As personal blogs go, Ian Truelove’s (Cubist Scarborough in Second Life®) is almost buoyant with optimism and analysis of all the inherent possibilities and joys of virtual worlds, and that’s very good news, because he’s an educator and he’s teaching 100+ students at a time, often introducing them to Second Life for the first time. He is Principal Lecturer (Technology Enhanced Learning) at the Leeds School of Contemporary Art and Graphic Design, in the Faculty of Arts & Society. 

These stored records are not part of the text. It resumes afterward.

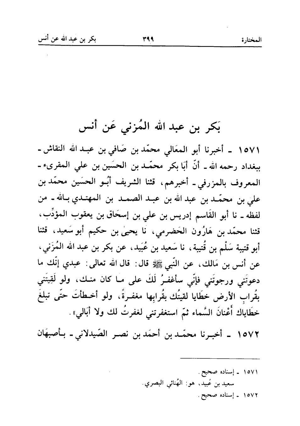 1571 - أَخْبَرَنَا أَبُو الْمَعَالِي مُحَمَّدُ بْنُ صَافِي بْنِ عَبْدِ اللَّهِ النَّقَّاشُ بِبَغْدَادَ رَحِمَهُ اللَّهُ أَنَّ أَبَا بَكْرٍ مُحَمَّدَ بْنَ الْحُسَيْنِ بْنِ عَلِيٍّ الْمُقْرِئَ الْمَعْرُوفَ بِالْمَزْرَفِيِّ أخبرهُمْ قثنا الشَّرِيفُ أَبُو الْحُسَيْنِ مُحَمَّدُ بْنُ عَلِيِّ بْنِ مُحَمَّدِ بْنِ عَبْدِ اللَّهِ بْنِ عَبْدِ الصَّمَدِ بْنِ الْمُهْتَدِي بِاللَّهِ مِنْ لَفْظِهِ نَا أَبُو الْقَاسِمِ إِدْرِيسُ بْنُ عَلِيِّ بْنِ إِسْحَاقَ بْنِ يَعْقُوبَ الْمُؤَدِّبُ قثنا مُحَمَّدُ بْنُ هَارُونَ الْحَضْرَمِيُّ نَا يَحْيَى بْنُ حَكِيمٍ أَبُو سَعِيدٍ قثنا أَبُو قُتَيْبَةَ سَلْمُ بْنُ قُتَيْبَةَ نَا سَعِيدُ بْنُ عُبَيْدٍ عَنْ بَكْرِ بْنِ عَبْدِ اللَّهِ الْمُزْنِيِّ عَنْ أَنَسِ بْنِ مَالِكٍ عَنِ النَّبِيِّ صَلَّى اللَّهُ عَلَيْهِ وَسَلَّمَ قَالَ قَالَ اللَّهُ تَعَالَى عَبْدِي إِنَّكَ مَا دَعَوْتَنِي وَرَجَوْتَنِي فَإِنِّي سَأَغْفِرُ لَكَ عَلَى مَا كَانَ مِنْكَ وَلَوْ لَقِيتَنِي بِقُرَابِ الأَرْضِ خَطَايَا لَقِيتُكَ بِقُرَابِهَا مَغْفِرَةً وَلَوْ أَخْطَأْتَ حَتَّى تَبْلُغَ خَطَايَاكَ أَعْنَانَ السَّمَاءِ ثُمَّ اسْتَغْفَرْتَنِي لغفرت لَك وَلَا أُبَالِي إِسْنَاده صَحِيح
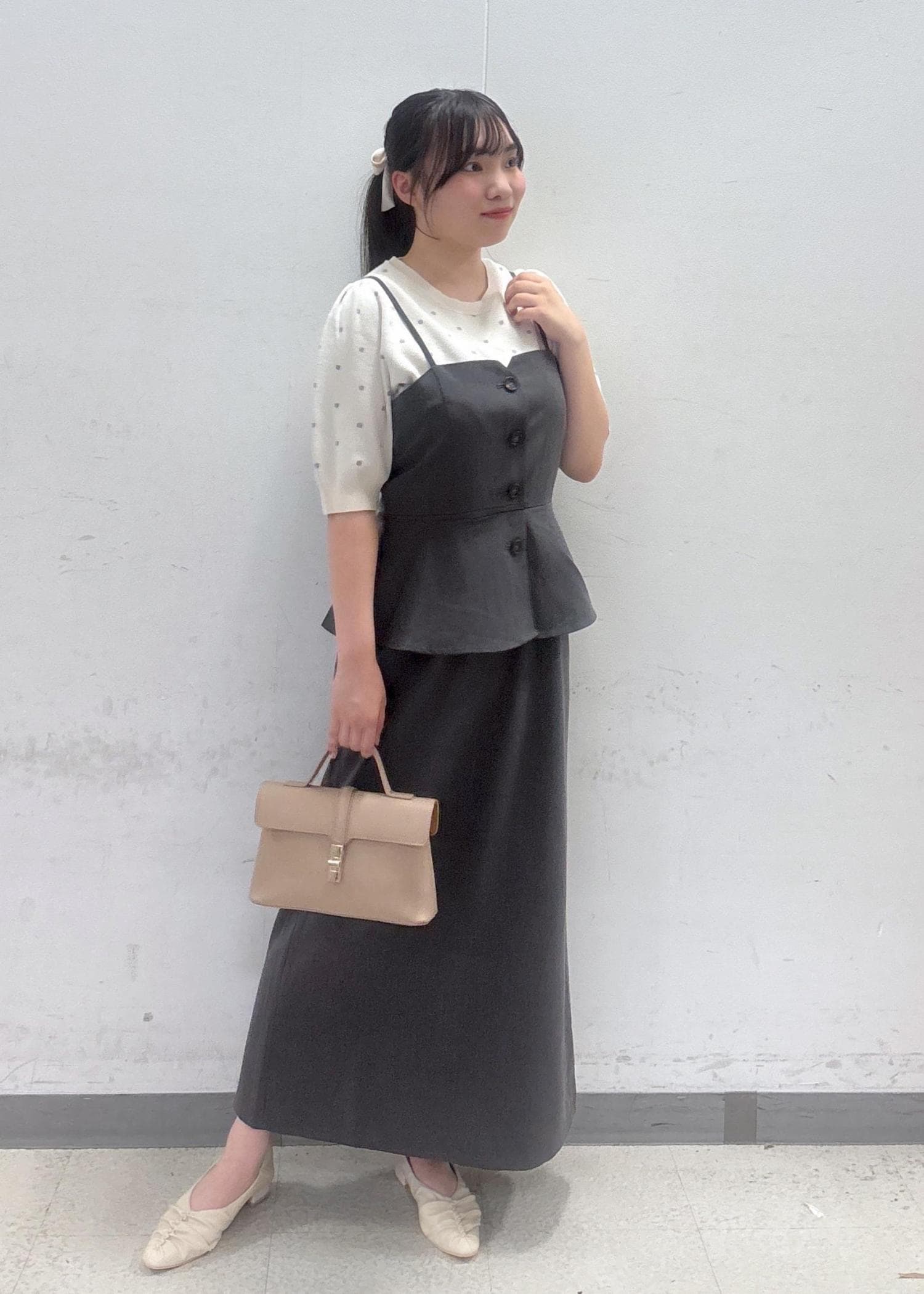 VISドットジャガードニットキナリ系 / F¥3,842レビュートレンドのドット柄とお袖のパフスリーブ風の形がなんとも可愛らしくフェミニンな印象を与えてくれます♡
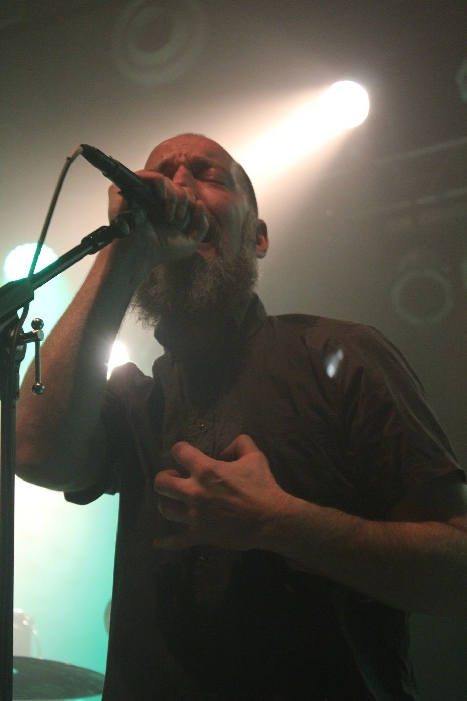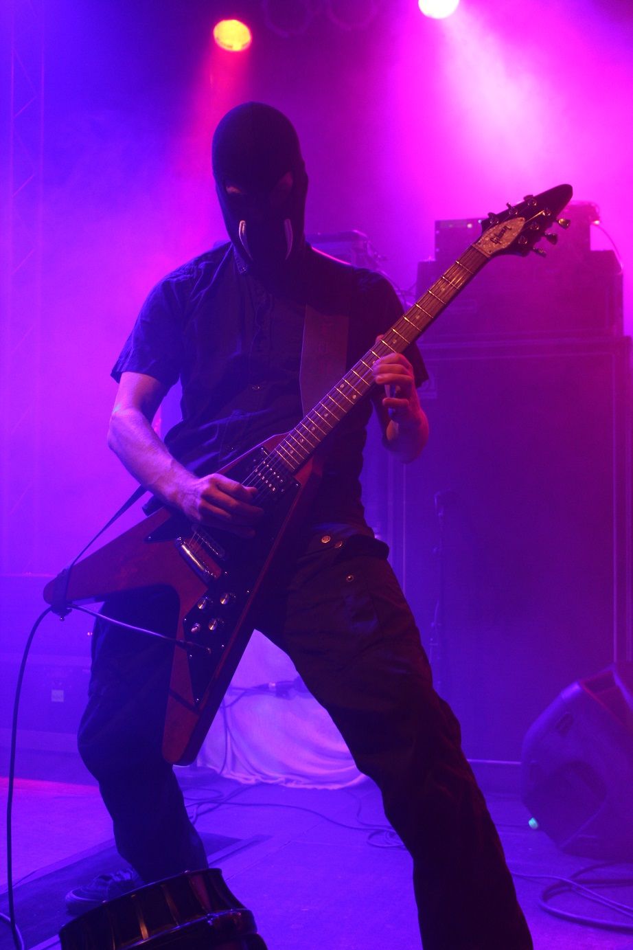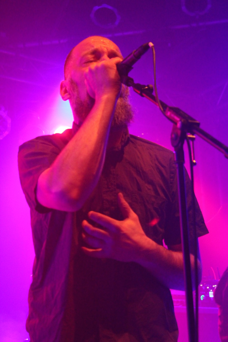Zum Start erringen die Osnabrücker von IRON WALRUS mehr als einen Achtungserfolg beim Hannoveraner Publikum. Der spannungsgeladene, doomige Stoner Rock des Quintetts, welches die Bühne mit Ausnahme des sympathischen wie charismatischen Sängers Aufi mit aufgenähten Walrosszähnen verzierten Sturmhauben betritt, weiß zu überzeugen und ist eine absolut positive Überraschung. Insbesondere durch die frappierende Ähnlichkeit mit der Stimme eines gewissen Jan-Chris de Koeijer klingen Iron Walrus mitunter wie Gorefest auf Stoner Rock, wobei das den Jungs insgesamt natürlich nicht wirklich gerecht wird. Ich kann die Band, welche nicht nur mit ihrer Performance skurilen und schrägen Humor bewiesen haben, insbesondere mit dem Video zum Song "I Hate People" empfehlen.

Cubist makes three-dimensional holograms of people's Real Life faces. Here is one of himself
Ian (Cubist in Second Life) is watching you everywhere on the Leeds Met sim
His blog reads like a private journal at times and is chock full of insights and deliberations he has with himself and has siphoned off onto the web in a way that we might all consider and possibly benefit from… simply one of the best uses of a blog I’ve run into in a very long time. Ian expounds on the dichotomy of dealing with people in public and private spaces, both in Real Life and in Second Life. He defines and deconstructs the virtual studio. It’s a fascinating stockpile of thoughtful documents pertaining to education, Second Life, OpenSim and a project between Oxford, Leeds Metropolitan and Kings College London called Open Habitat that took place earlier this year and set out to explore how Multi User Virtual Environments (MUVEs) can be used in Higher Education. 
Ian's sculptures make it possible for you to get inside his head
Ian also designed the accompanying Open Habitat magazine that serves as a repository for vast quantities of data that the universities collected working with art and design and philosophy students, including surveys, blogposts and chatlogs.

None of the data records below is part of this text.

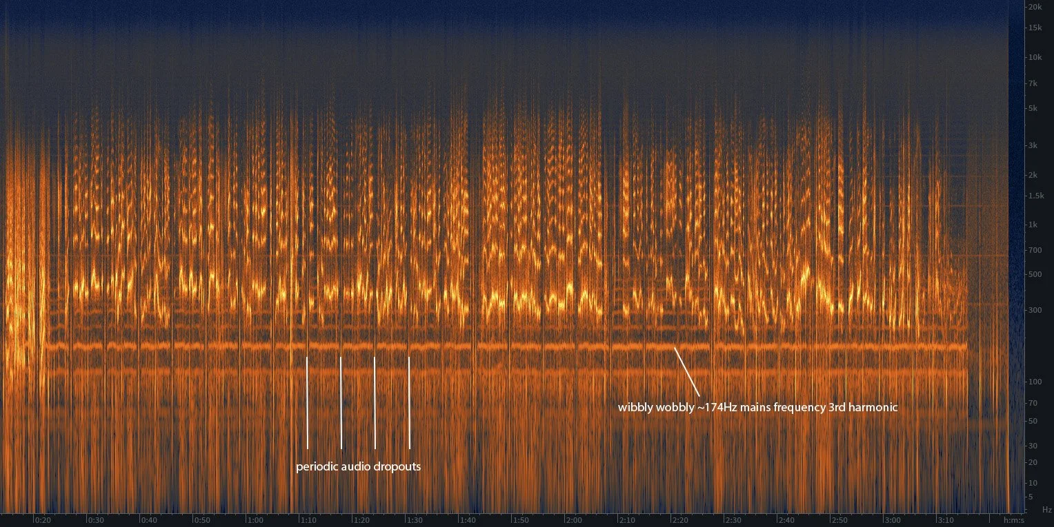 Upon watching the results, I couldn’t resist to offer Marc some extra help with the post-processing of the recovered audio. I got in touch and he promptly sent me the audio file. I rushed to give it a listen and started working on it. I figured some processing could be done to remove some unwanted blemishes and improve the overall intelligibility of the recording. The process involved correction for pitch due to the machines’ transport mechanism variations, flutter, noise reduction, corrective EQ for compensation of the systems’ frequency response and a couple other things such as attenuating the “thumps” caused by the periodic pass of both tape creases due to the way it was stored. When dealing with artifacts like these, one can take advantage of what would in most cases be purely a technical issue. In this case, having a mains ground hum on the recording can be quite helpful to assert the correct speed of the tape since it fingerprints the original recording with a pilot tone that can be used to correct for variations on the playback speed, including wobble, flutter and the baseline tape speed. You can hear the resulting difference below.
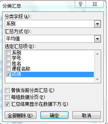 ,打开“分类汇总”对话框,设置分类字段为“系别”,汇总方式为“平均值”,汇总项为“成绩”,汇总结果显示在数据下方,单击“确定”按钮,如图4.10,工作表名不变,保存EXC.XLSX工作簿。
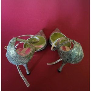 An Marino Shiny Star Metallic Python MLT Gold Size 8 High Heel Shoes
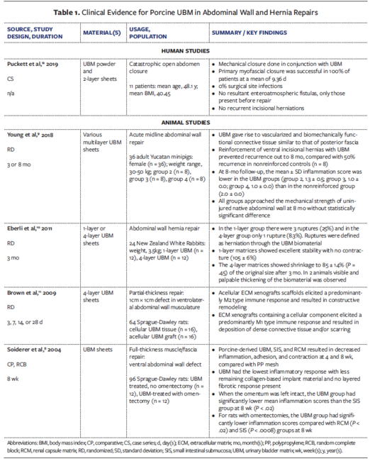 Abdominal repair with UBM has also shown success in various animal models, promoting closure and largely preventing hernia recurrence.9,10 One study compared the performance of single vs. multilayer UBM matrices in abdominal wall repair in rabbits.10 The single-layer UBM demonstrated superior stability, but more recurrent hernias were noted in this group. While the multilayer UBM group had less recurrence, this group demonstrated notable graft shrinkage after 3 months10 (Table 1).

But what I simply cannot wait to share with you is a document called The Manual: Second Life edition, a collection of micro-projects created by lecturers from the School of Contemporary Art & Graphic Design at Leeds Metropolitan University that Ian adapted for Second Life as part of the Open Habitat project. You’ll find different versions, including a cut-out one with instructions for folding it, a text version, and even an iPhone version here.
The Manual: Second Life edition, in Second Life
While Ian asks that we keep all 81 tasks together with the CC license text, he did allow me to share a few of them with you, just this once, to give you a taste:
# 5 Find some gesture animations and practice using them somewhere on your own. Work out a physical comedy routine and perform it to your friends.
# 6 Find a freebie stall on the mainland. Grab 12 small objects that have something in common. Arrange all of your objects into a sequence.
# 7 Build one or more of the following:
The beginning of the world
The end of the world
A self-portrait that includes your full body
Something that happened at breakfast
An image from a recent dream
Something that has yet to happen to you
# 8 Start a cult. Establish rituals. Create a meeting place. Meet.
If this isn’t a formula for discovery and enjoyment of one’s virtual life, I don’t know what is. I believe every single newbie in Second Life should be handed a copy.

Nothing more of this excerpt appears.